Em Pindamonhangaba, a oposição acusa Alckmin de "sustentar um coronel retrógrado na prefeitura", como diz Bettoni, hoje candidato a prefeito pelo PFL.
O aliado de Alckmin na cidade, o prefeito Vito Ardito Lerário (PSDB), responde a uma ação por improbidade administrativa. É acusado de pagar preço de primeira por tubos de concreto de segunda, causando um suposto prejuízo de R$ 10 milhões à prefeitura. O processo está no Superior Tribunal de Justiça.
As acusações nem arranham a imagem de Alckmin. "As palavras do padre e as do Geraldo são lei aqui em Pinda", diz Andrade.
Isso ocorreria por causa da imagem que Alckmin moldou para si, segundo Bettoni. "Ele construiu essa imagem de bom moço porque não discute, não dá a cara para bater. Ele ganha votos com isso, mas peca pela omissão", diz o ex-amigo de faculdade.
Foi essa imagem que entusiasmou a cúpula do PSDB na eleição deste ano. Depois de ter ficado em terceiro lugar na disputa para a prefeitura paulistana em 1996, quando José Serra era candidato, os tucanos vislumbraram que haviam mudado de patamar com a disparada de Alckmin. Em abril, ele tinha apenas 3% das intenções de voto e, cinco meses depois, alcançara 16% -seu ápice na campanha, segundo o Datafolha, registrado no dia 1º de setembro.
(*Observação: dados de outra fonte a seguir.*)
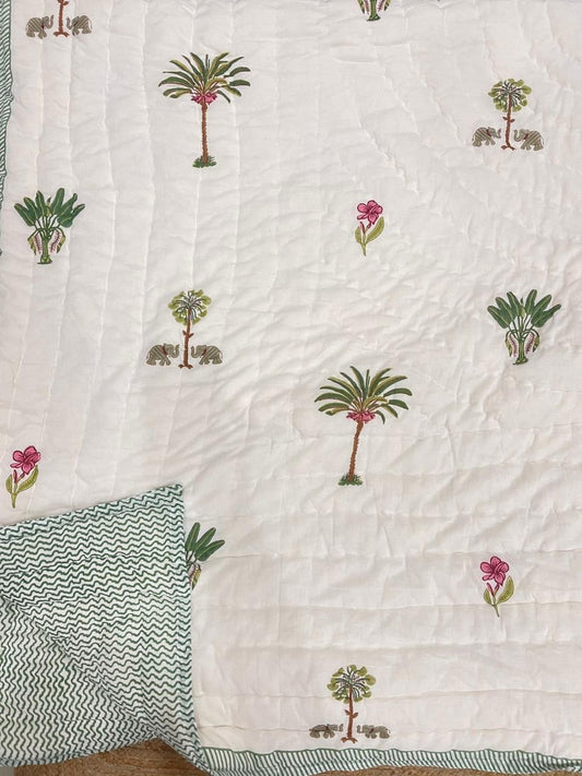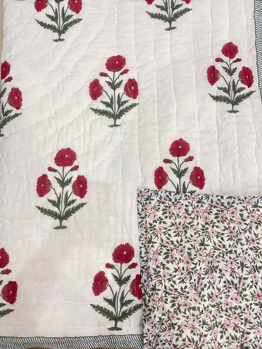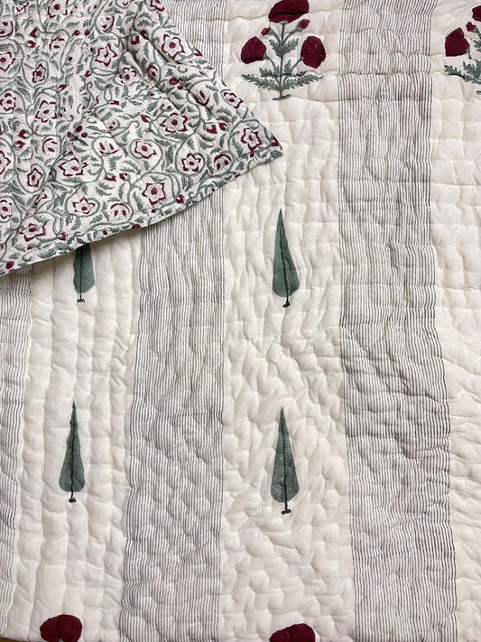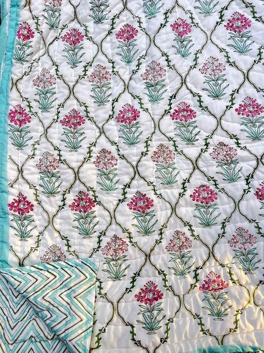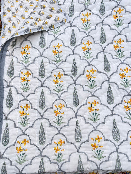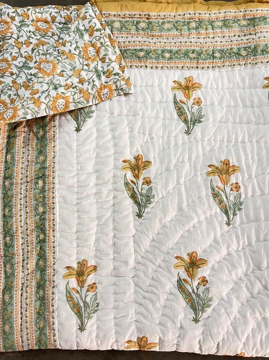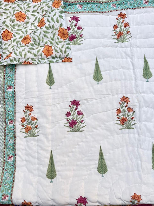 Mughal Bagh Collection - Matching Double Bed Quilt & Bedsheet Set
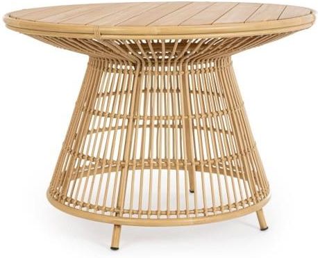 %description% WYMIARY Wysokość: 75 cm Średnica: Ø 110 cm MATERIAŁ Aluminium z efektem rattanu Drewno tekowe Elegancki stół ogrodowy Adelma z efektem rattanu Stół ogrodowy Adelma to wyważone połączenie subtelnego designu, naturalnego charakteru i funkcjonalności stworzonej z myślą o użytkowaniu na …

O mérito do candidato nesse salto não é relevante, segundo Renato Janine Ribeiro, professor de ética e filosofia política na USP.
"O Alckmin simplesmente alcançou a votação tucana", diz Janine Ribeiro. Ele 1996, Serra obteve 14,5% do total de votos.
Ele atingiu esse patamar porque adotou o discurso típico dos tucanos: o da racionalidade. Por isso a pregação na TV de que ele tem "a cabeça no lugar", de que vai dar um "não à bagunça", ataques velados aos adversários. É um modo "prosaico" de fazer política, classifica Janine Ribeiro.
"O PSDB é o partido do prosaico, da seriedade, do esvaziamento da carga afetiva na política. Os tucanos imaginam que onde o afeto pulsa não há democracia. A frieza do Alckmin tem a ver com isso", diz o professor da USP.
Onde Janine Ribeiro vê problemas, Paulo Renato vê qualidades: "Seja qual for o resultado, o PSDB sai renovado destas eleições. E o Geraldo sai com estatura para ser qualquer coisa no Estado".